The reasoning: an answer's semantics are closer to documents than a question's semantics are.
hypothetical_answer = llm.generate(
f"Briefly answer: {query}\n(Doesn't need to be accurate, just for search)"
)
hyde_embedding = embed(hypothetical_answer)
results = vector_db.search(hyde_embedding, top_k=5)
HyDE can significantly improve results in some scenarios, but adds latency (extra LLM call).
Metadata Filtering
Narrow scope before or after vector search using metadata:
# Time filter: only recent documents
results = vector_db.search(
query_embedding,
top_k=5,
filter={"updated_at": {"$gte": "2024-01-01"}}
)
# Category filter: search within specific category
results = vector_db.search(
query_embedding,
top_k=5,
filter={"category": "refund-policy"}
)
Evaluating Retrieval Quality
How do you know if your retrieval is good? Common metrics:
Recall@K: How many relevant documents are in the top K results (as a proportion of all relevant documents).

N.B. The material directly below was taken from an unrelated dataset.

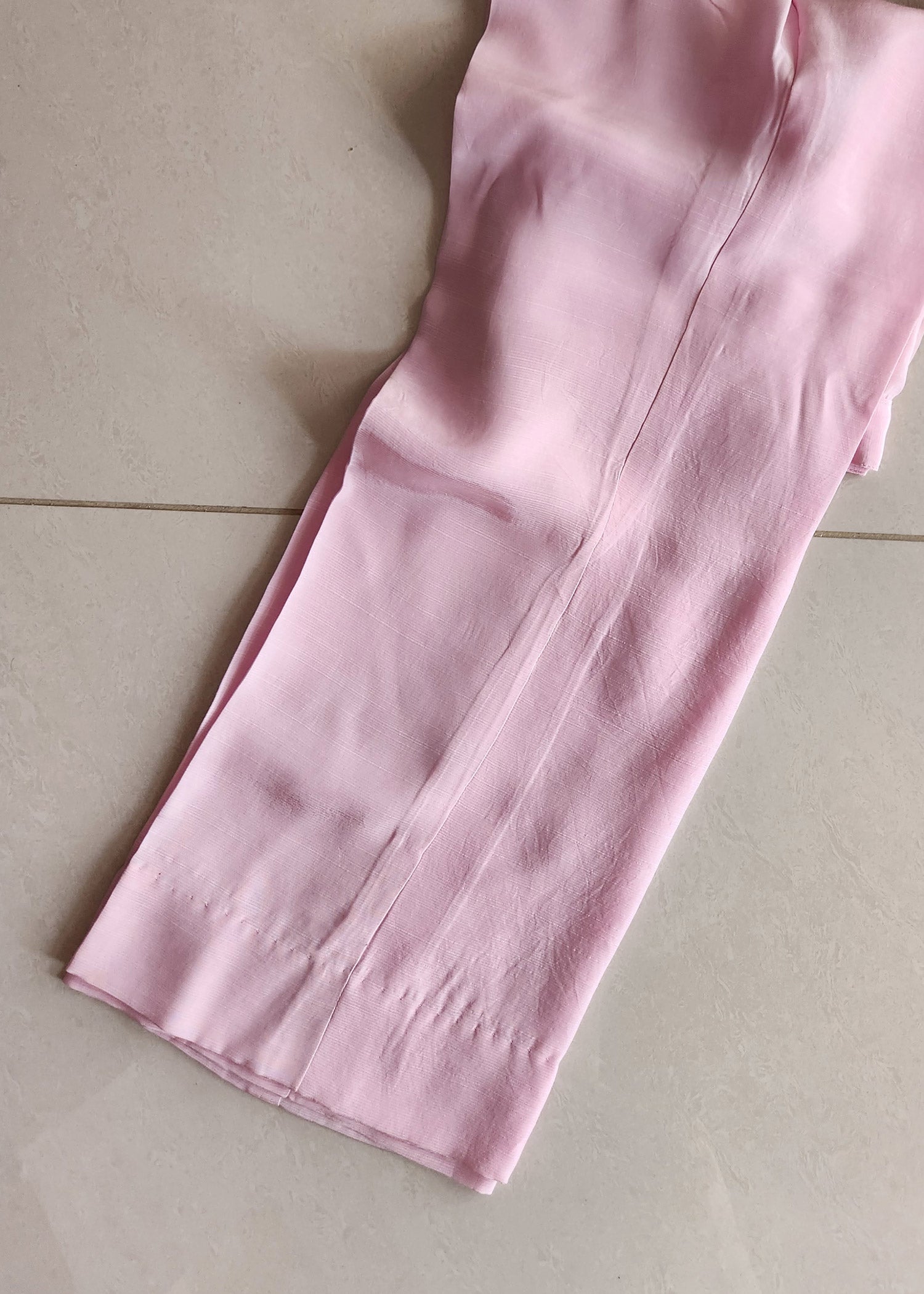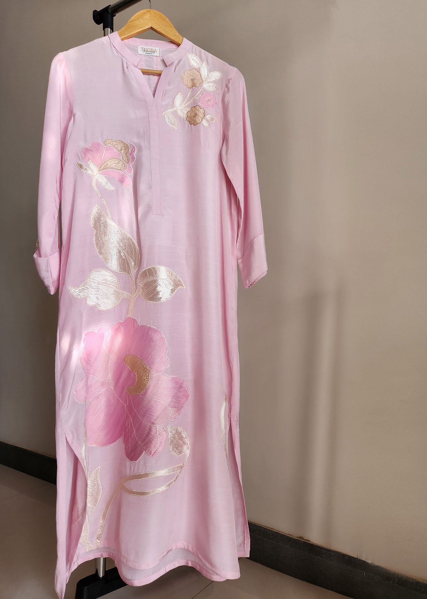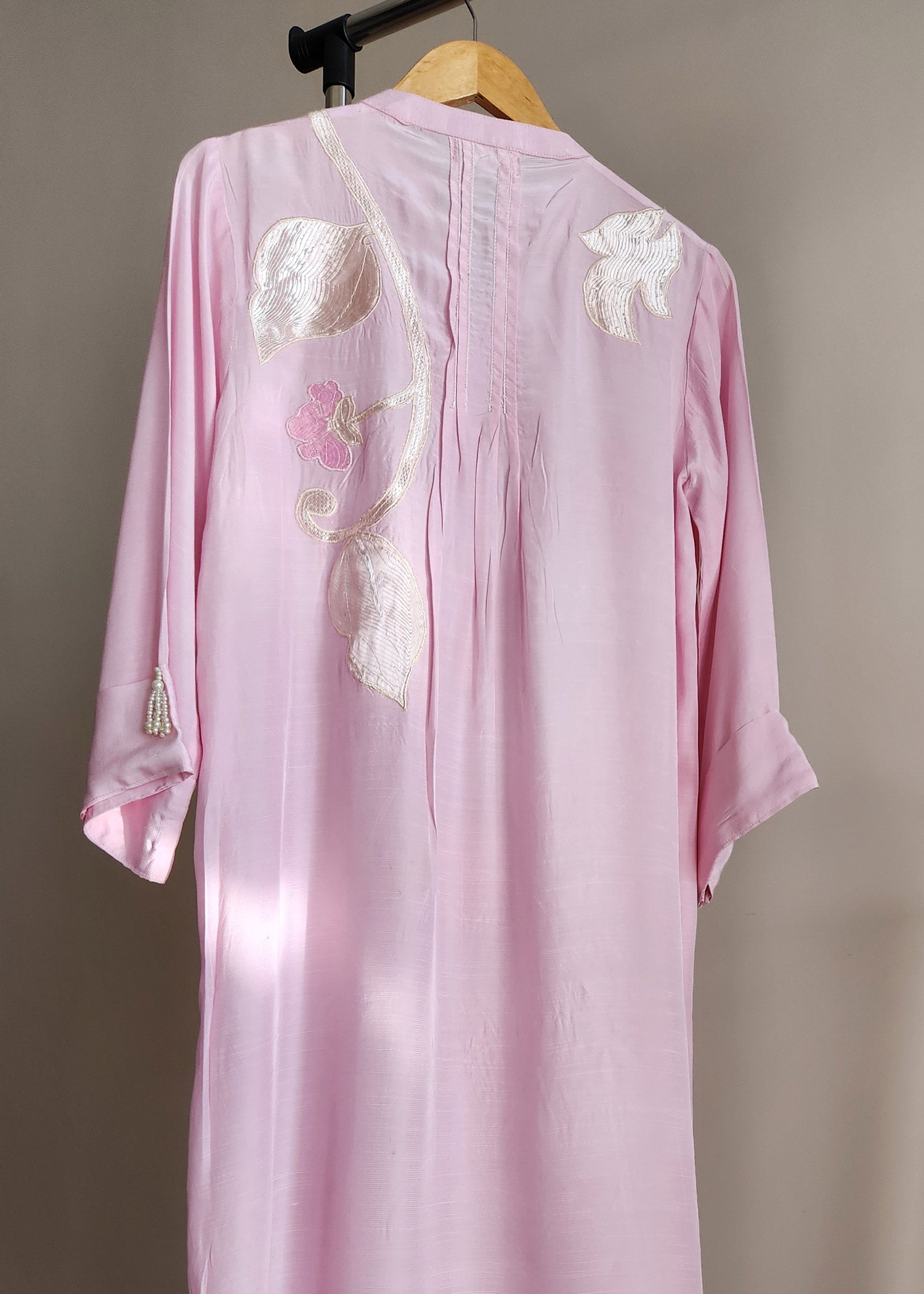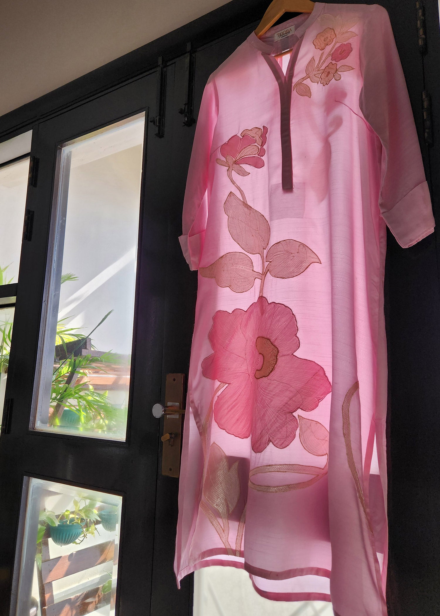 Princess Dreams. A beautiful silk number with bold floral applique running through the front and back shoulder. The milky pearls on the sleeves and intricate gold detailing in the flowers add to the set's subtle charm. The back is pleated, and the shoulders oversized to give the shirt a kaftan-like relaxed look. Paired with flowy silk culottes, it brings together both style and comfort.

Precision@K: How many of the top K results are relevant.
MRR (Mean Reciprocal Rank): Where the first relevant document appears (average of reciprocal ranks).
test_cases = [
{"query": "refund policy", "expected_docs": ["policy-001", "policy-002"]},
{"query": "contact support", "expected_docs": ["faq-005"]},
]
for case in test_cases:
results = retrieve(case["query"], top_k=5)

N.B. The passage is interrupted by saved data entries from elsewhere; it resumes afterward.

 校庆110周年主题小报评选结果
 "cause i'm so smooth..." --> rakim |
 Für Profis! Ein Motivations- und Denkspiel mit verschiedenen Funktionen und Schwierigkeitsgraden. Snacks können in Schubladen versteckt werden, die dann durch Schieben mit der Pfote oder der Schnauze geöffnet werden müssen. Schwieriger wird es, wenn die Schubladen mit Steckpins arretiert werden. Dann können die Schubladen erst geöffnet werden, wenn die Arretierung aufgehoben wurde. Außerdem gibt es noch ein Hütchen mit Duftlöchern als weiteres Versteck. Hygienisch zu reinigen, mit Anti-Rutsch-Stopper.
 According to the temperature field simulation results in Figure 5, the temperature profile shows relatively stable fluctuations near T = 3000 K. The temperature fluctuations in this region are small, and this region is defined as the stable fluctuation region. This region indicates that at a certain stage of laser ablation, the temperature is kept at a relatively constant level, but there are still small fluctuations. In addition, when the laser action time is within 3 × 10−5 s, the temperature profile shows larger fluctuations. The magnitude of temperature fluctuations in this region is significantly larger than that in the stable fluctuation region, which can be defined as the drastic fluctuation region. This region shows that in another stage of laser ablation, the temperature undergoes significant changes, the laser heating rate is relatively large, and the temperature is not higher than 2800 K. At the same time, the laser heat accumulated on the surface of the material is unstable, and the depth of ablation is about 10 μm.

result_ids = [r.id for r in results]
recall = len(set(result_ids) & set(case["expected_docs"])) / len(case["expected_docs"])
print(f"Query: {case['query']}, Recall@5: {recall}")
Build an evaluation set before optimizing retrieval. Otherwise you don't know if changes are improvements or regressions.
Key Takeaways
- Retrieval quality sets the ceiling for RAG. If retrieval doesn't find the right info, the LLM can't produce a good answer.
- Hybrid search (vector + keyword) usually outperforms pure vector search. Recommended for most scenarios.
- Re-ranking is one of the most effective ways to improve retrieval precision — use a Cross-Encoder to rescore candidates.
- Multi-query and HyDE broaden search coverage, but add latency. Best for quality-critical scenarios.
- Build an evaluation set first, then optimize. Without evaluation, optimization is blind.